Friday, 22 January 2016

Pigeon English





"Hope," says Emily Dickinson, "is the thing with feathers that perches in the soul."





My first reflections take their cue from Stephen Kelman’s ‘Pigeon English’.
Exuberant, indefatiguable and swift on his feet, Harrison Okopu is a character whose voice is unforgettable.   Despite what seems to be a claustrophobic sense of street menaces and limited financial constraints of migrant family lives and a tragic ending, we never lose the sense of hope, that ‘thing with feathers that perches in the soul’.  Stephen Kelman manages to craft a unique and vivid language out of what might often be seen as a clichéd, brutal and brutalist urban idiom.  From the shouts penned on a school leaver’s shirt:

Northwell Manor Till I Die

Hair by Ton and Guy, personality by Ronald Macdonald

Get high naturally: climb a tree

to Harri’s own unique voice, a pidgin of urban London with a Ghanaian inflection:
In England there’s a hell of different words for everything. It’s for if you forget one, there’s always one left over, Harri punctuates the language of his thoughts with expressions such as  ‘brutal’ (‘cool’)and ‘hutious’ (‘scary’), blending London and Ghanaian slang respectively.  Expressions such as ‘Advise yourself!’ are directed between Harri and his older sister Lydia, creating the sort of inventive linguistic repertoire of cultures from the exclamative and authoritative forms, familiar with the discourse of African pastors, to street argot of ‘chooking’ or stabbing.

The storytelling is shot through with an exuberant sense of being alive.
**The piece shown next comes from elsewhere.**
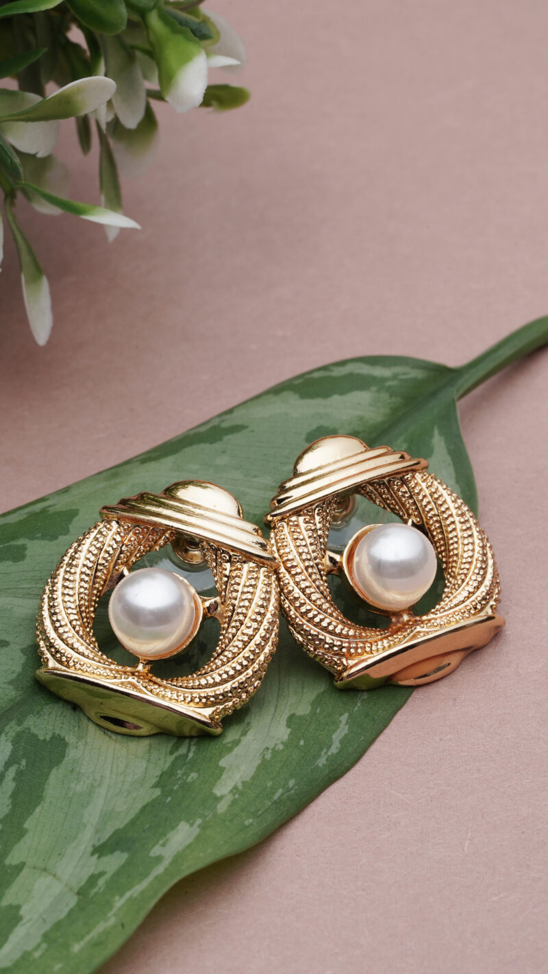 Timeless, opulent, and made to command admiration โ€” Regal Pearl Crest Earrings blend heritage charm with modern luxury. A luminous pearl sits like a crowned jewel at the centre, framed by an intricate golden crest that feels sculpted straight from a royal treasury. The detailing is rich, textured, and visually grand โ€” the kind of artistry you wear, not just own.

So Harri plays at pretending being a bird in the wind funnel effect created by the three towers encapsulating his world, Luxembourg House, Stockholm House and Copenhagen House, and cheerfully asserts to his friend Jordan, ‘It’s not gay, it’s brilliant!’, reflecting to himself ‘Asweh, it’s the best way to feel alive.’
As a piece of literature, this novel has the authenticity of someone like Bob Holman from Glasgow’s tower block tenements. This is not the literary tourism of detached sociological observation. Stephen Kelman’s early life in Luton’s high rises and his stated intention to represent the Damilolah Taylor world of tower blocks with a sense of the good life, the light that resides within those often portrayed as victims or perpetrators of a claustrophobic world of urban crime. This, along with the skilful crafting of the novel, gives the character of Harrison Okopu artistic integrity.  This is not the only British voice from this context. Voices such as that of  KateTempest, with her mythological ideas echoing those of William Blake,  also represent with integrity and authenticity the stories and charged light disguised by crime statistics and tabloid representations. The choice of urban, feral pigeon as the choric voice alongside that of Harrison Okopu’s is apt, in a similar way to that of Barry Hines’s kestrel in the  rural landscape of the Yorkshire coalfields ‘Kestrel for Knave’. It does not have the
otherness of the kestrel and of Billy Caspar himself in his own isolated and fractured family world. The pigeon possesses a greater sense of connectedness to Harrison’s fractured Ghanaian migrant family’s world and that of the tower block community he is a part of.  This is part of what lifts the novel from the world of soap opera melodrama. It is also a device which saves the novel from a Dickensian overly ideologically freighted architecture.
The story echoes the startling beginning of ‘Curious Incident’ with its focus on the stark death indicated by the pool of blood on the concrete outside ‘Chicken Joe’s’ and the poignantly piecemeal shrine composed of school photos, beer bottles, mis-spelled messages and ‘nearly new Nike’ football boots hanging on the metal railings.  Similarly, there then begins a captivatingly naïve, innocent investigation, conducted by Harri and his best friend, Dean. Cheap binoculars are used, along with sellotape to capture fingerprints in a project which consumes the two of them. References are more  CSI televisual clichés than the self-consciously literary Conan Doyle references of ‘Curious Incident’.  This is, however, manages not to mock  or offer a critique of the limited cultural reach of high rise life, but instead crafts a naive, hopeful, positive depiction of a life lived both within the limited eleven year old perspective yet also with the generous perspective that finds the cracks in apparently clichéd characters such as ‘Terry Takeaway’, the pit bull owning, all day drinker, a Bubbles-style (from tv series ‘The Wire’) opportunistic thief of all things jobsworth, whether a kettle or a tray of butcher’s chickens.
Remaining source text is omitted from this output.